Me levanto e o sigo pelo corredor até a piscina, onde nos sentamos na borda.
— Pode falar — começo, e olho para ele, que desvia com vergonha.
— Eu queria só ter certeza que me desculpou, porque por mensagem, né...
— Tá tudo bem. Estamos sem problemas, ok? — Seguro em seu braço enquanto falo, e ele sorri.
— Isso é muito bom. Sabe, eu passei a noite pesquisando e... — Arregalo os olhos, e ele se desconcerta. — Não... a noite toda não, só algum tempinho, sabe? Uns minutos, ou... Enfim, eu pesquisei uns filmes para assistirmos, e eu queria sua opinião.
Assinto enquanto ele pega o celular no bolso. Olho por alguns segundos para sua boca. Larga de ser trouxa, Lavínia. Até esses dias vocês estavam discutindo e ele te xingando.
— Aqui — ele mostra alguns filmes, e eu assinto, vendo os trailers. Sinto sua respiração em meu pescoço e olho para o lado, vendo que ele está mais próximo, me olhando.
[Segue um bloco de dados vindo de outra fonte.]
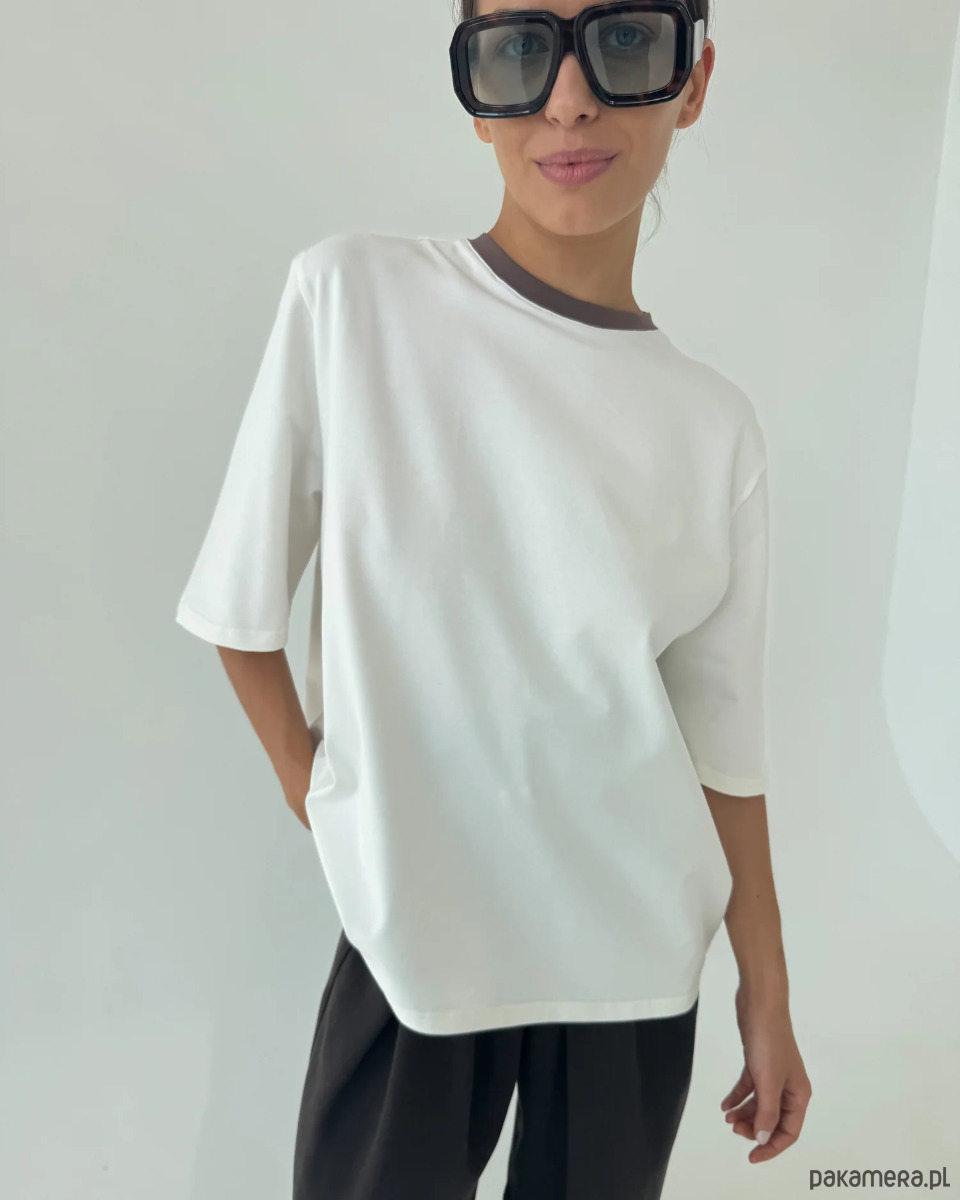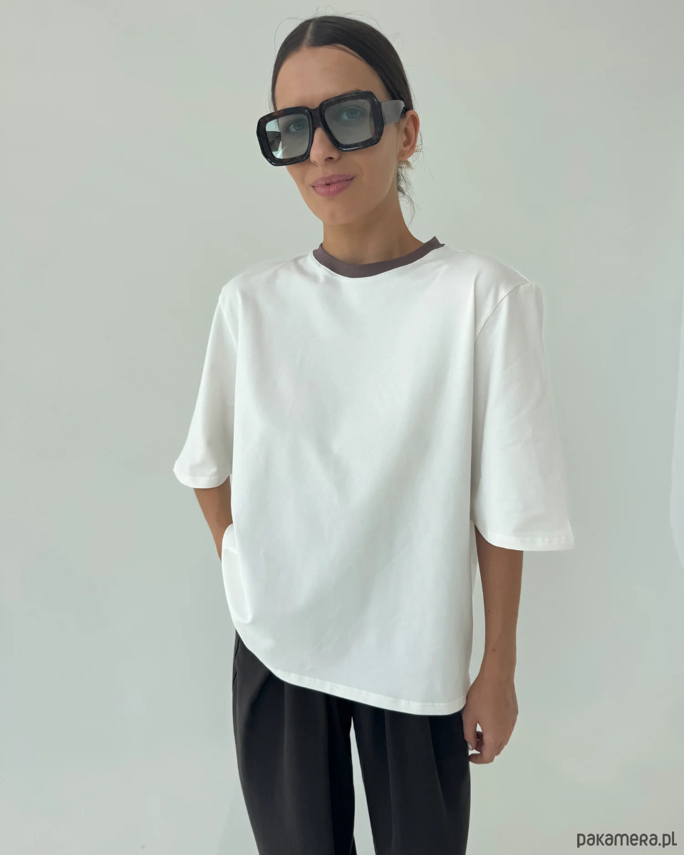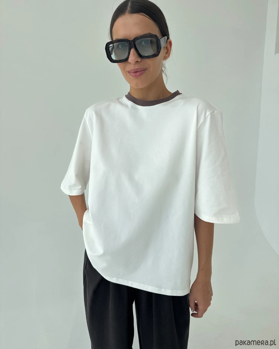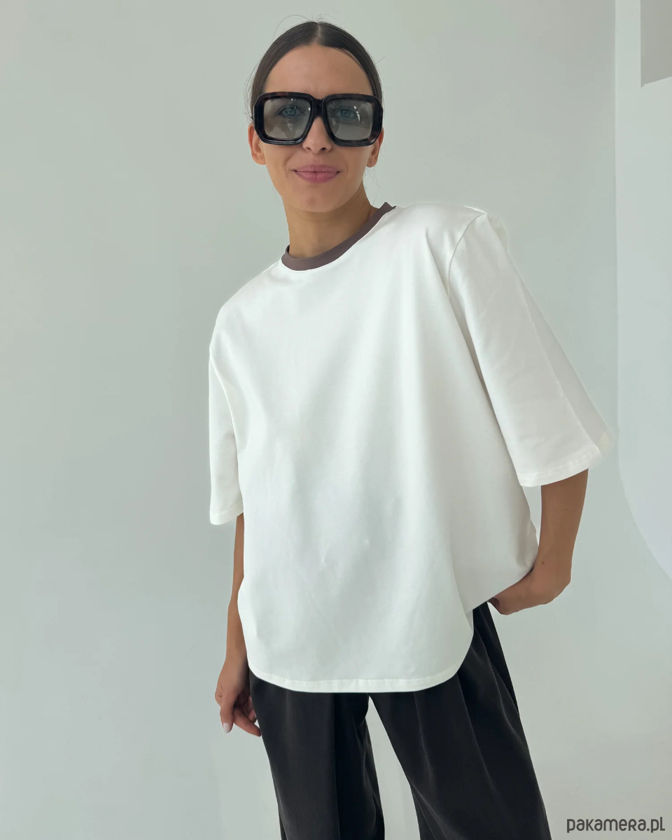 T-shirt Art w odcieniu ecru z kontrastową plisą cacao to połączenie minimalistycznego designu i architektonicznej formy. Uszyty z wysokogatunkowej bawełny premium, zachwyca strukturą, komfortem i dbałością o detale.
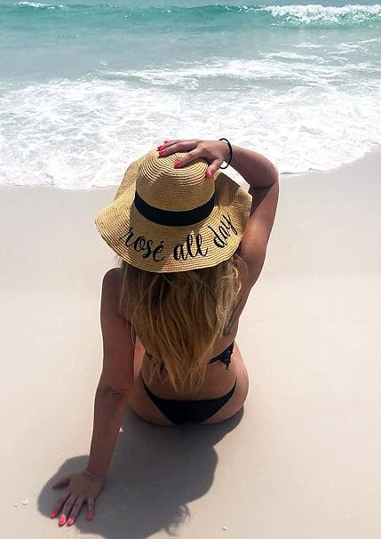 This 100% paper sun hat is lightweight yet thick and soft, offering a luxurious feel. The hat fits most with a height of 4.5 inches and a 4-inch brim; the 24-inch circumference can be adjusted with an internal drawstring. Stylish for ladies, teens, and tweens, it features bold cursive lettering. Versatile, it pairs well with everything from dresses to swimsuits.
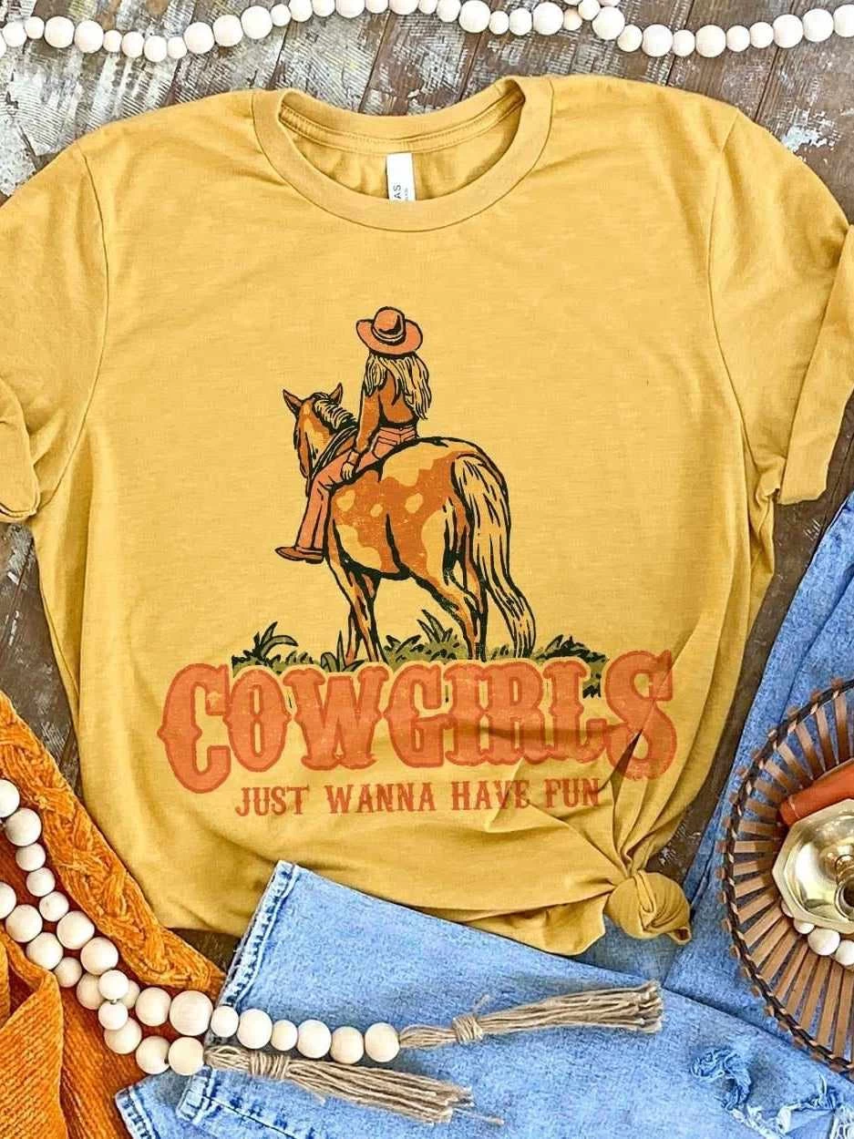 We can’t keep away from these tees! They give off the perfect western vibe! This tee is for cowgirls who just wanna have fun! This tee is perfect for layering. Easily dressed up or dressed down! Printed on a unisex super-soft tee. Mustard colored Tee. Also available in cream and mauve.

— O quê? — ia perguntar, mas ele segura meu pescoço e acaba com nossa distância, me beijando.
Correspondo, meio assustada, mas em um momento apenas entro no embalo, esquecendo de tudo.
Nos afastamos sem ar, e quando ia falar algo, meu celular toca.
— É...
— Pode atender — ele diz, sorrindo sem graça e coçando a nuca.
Me levanto para atender um pouco longe, nunca sei o que minha mãe vai falar.
Ligação on:
— Filha, mandei o motorista te buscar na casa do seu tio. Precisamos de você aqui, então vá para a frente da casa — minha mãe Cecília diz.
— Tudo bem, mãe. Aconteceu algo?
— Nada de vida ou morte, mas ainda importante. Se despeça e venha.
— Mas eu ia tomar banho pós-treino.
— Em casa temos água e um chuveiro. Tchau — ela desliga rapidamente.
Ligação off.
Matteo já está de pé, e ando sem graça para perto dele. Damos ênfase de fala juntos e acabamos rindo disso.
— Você tem que ir, né?
— Sim, mas domingo a gente se vê no cinema, tá bom? — pergunto, e ele assente. — Tchau, Matteo.
Me aproximo para beijar sua bochecha, mas ele vira o rosto, transformando em um selinho.
Ignoro o fato, dando as costas e saindo, mas na porta ainda me viro, acenando.
Dou gritinhos bobos de adolescente, que podem parecer ridículos e realmente são na verdade. Mas a Lavínia pequena, até ter uns onze anos mais ou menos, sonhava com esse momento, e mesmo sendo vergonhoso, o pós-beijo foi incrível o restante.